Segment Open

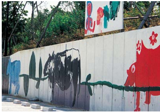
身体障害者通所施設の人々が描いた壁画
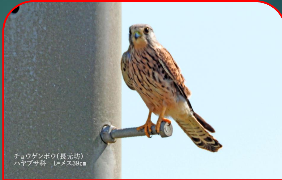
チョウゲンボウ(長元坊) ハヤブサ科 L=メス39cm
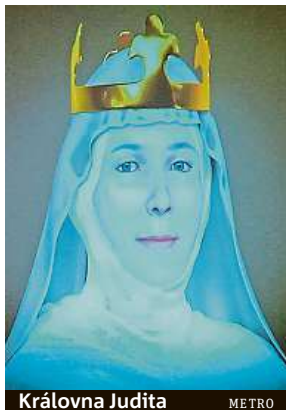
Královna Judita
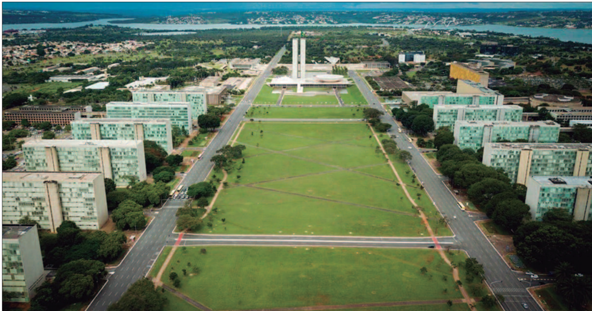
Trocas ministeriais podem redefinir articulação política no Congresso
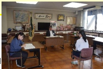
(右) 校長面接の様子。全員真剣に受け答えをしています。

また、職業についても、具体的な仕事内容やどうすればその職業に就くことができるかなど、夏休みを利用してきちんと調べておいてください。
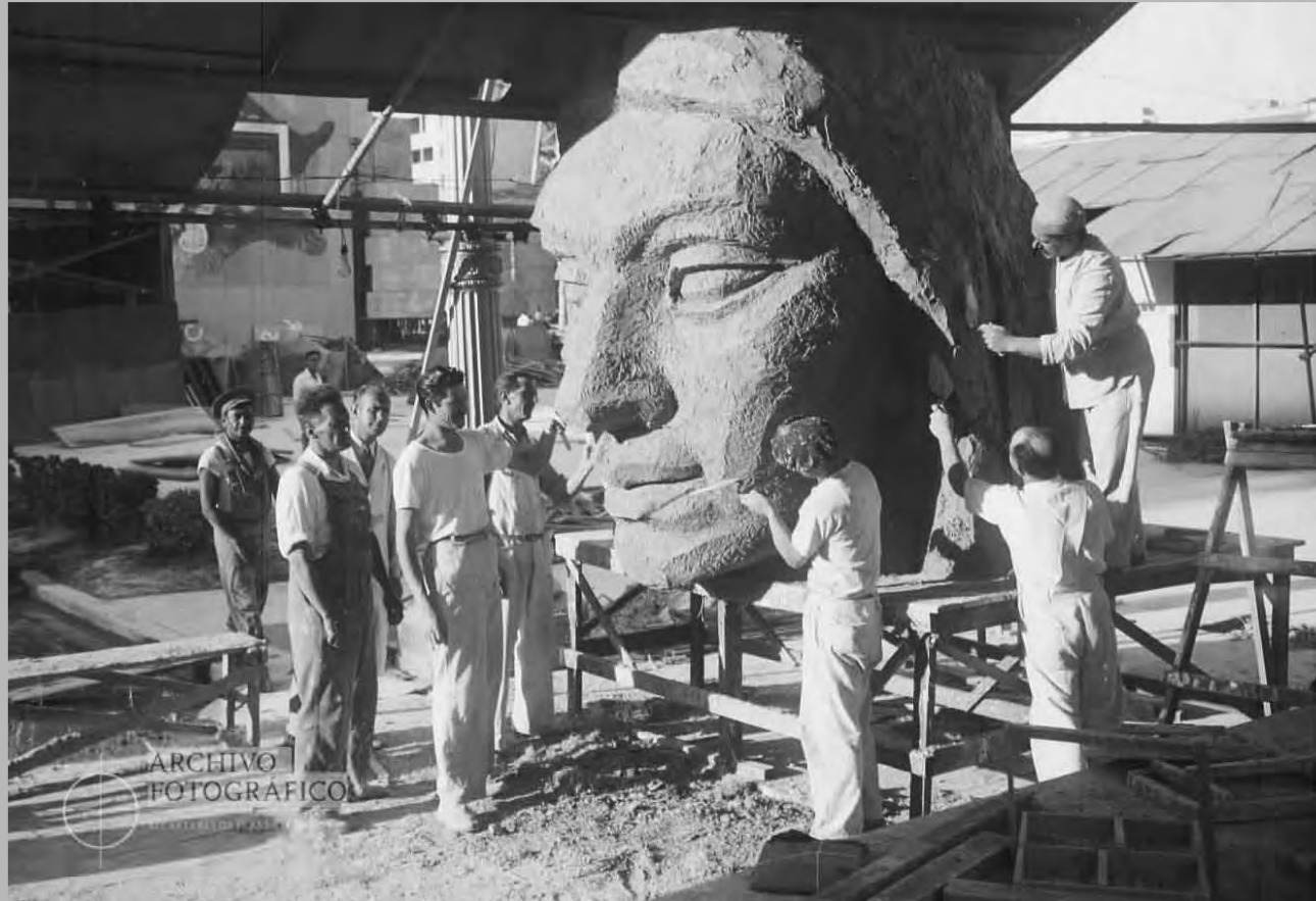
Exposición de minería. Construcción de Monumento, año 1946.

Segment Closed

### ACTION ITEM
Each line from the one holding "Královna Judita" through the last line of the records above must be duplicated exactly, and pictures must not be.

### WRITTEN SOLUTION
Královna Judita
Trocas ministeriais podem redefinir articulação política no Congresso
(右) 校長面接の様子。全員真剣に受け答えをしています。

また、職業についても、具体的な仕事内容やどうすればその職業に就くことができるかなど、夏休みを利用してきちんと調べておいてください。
Exposición de minería. Construcción de Monumento, año 1946.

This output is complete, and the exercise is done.